I am trying to use tables in pandas.
The original data look like that (.txt file):
µm nm 1.34E+00 1.39E+00 1.34E+00 1.61E+00 ...
When I manually convert the file from .txt to .csv, by opening it in excel and saving as a .csv file, I obtain something like that:
µm;nm 1.339216;1.388997 1.340324;1.612847 1.341462;1.587352 1.342533;1.686544 ...
Which is working fine in pandas, using the following code:
file =('filename.csv')
df = pd.read_csv(file, sep = ";")
df
dataframe from manually obtained .csv file
Which is what I want. But since I am planning to deal with a lot of those files, I need to process them as batch.
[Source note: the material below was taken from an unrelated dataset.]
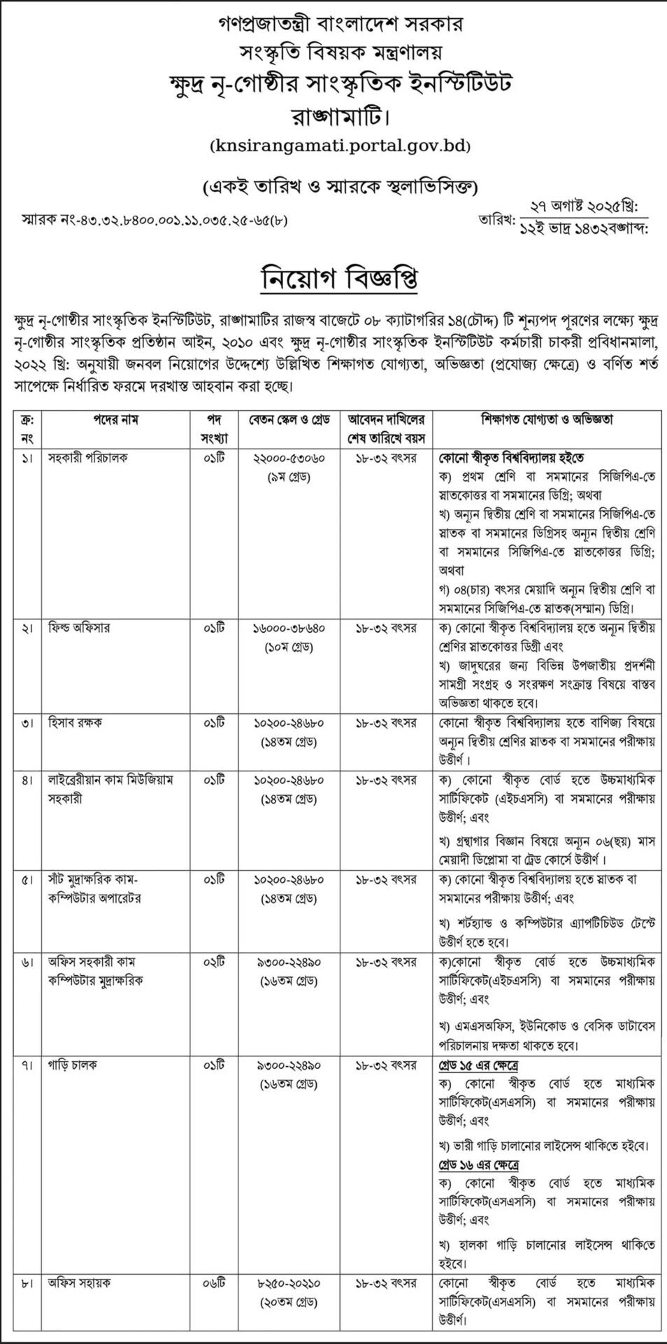 Cultural Institute for Small Ethnic Groups job circular 2025 is one of the best government jobs circular in 2025. Cultural Institute for Small Ethnic Groups has invited applications from genuine Bangladeshi citizens for the www.knsirangamati.gov.bd job circular 2025. Educated eligible men and women from all districts aged 18 to 32 years can apply for Khudra Nrigosthir Sangskritik Institute, Rangamati Job Circular 2025 as per their eligibility.

So I need to obtain the same dataframe from the original files, which come as .txt.
But if I try to do that from the original data, it looks like this:
The code is as follows:
df2 = pd.read_csv('filename.txt', sep = ";", encoding = 'unicode_escape')
df2.to_csv('filename-2.csv', sep='\t', index=None)
df2
Please note that I use the 'unicode_escape' value to avoid the error message "utf-8' codec can't decode byte 0xb5 in position 0: invalid start byte"
I tried to specify various separators, but without success so far.
I hope someone will be able to help.
Thanks,
Sébastien.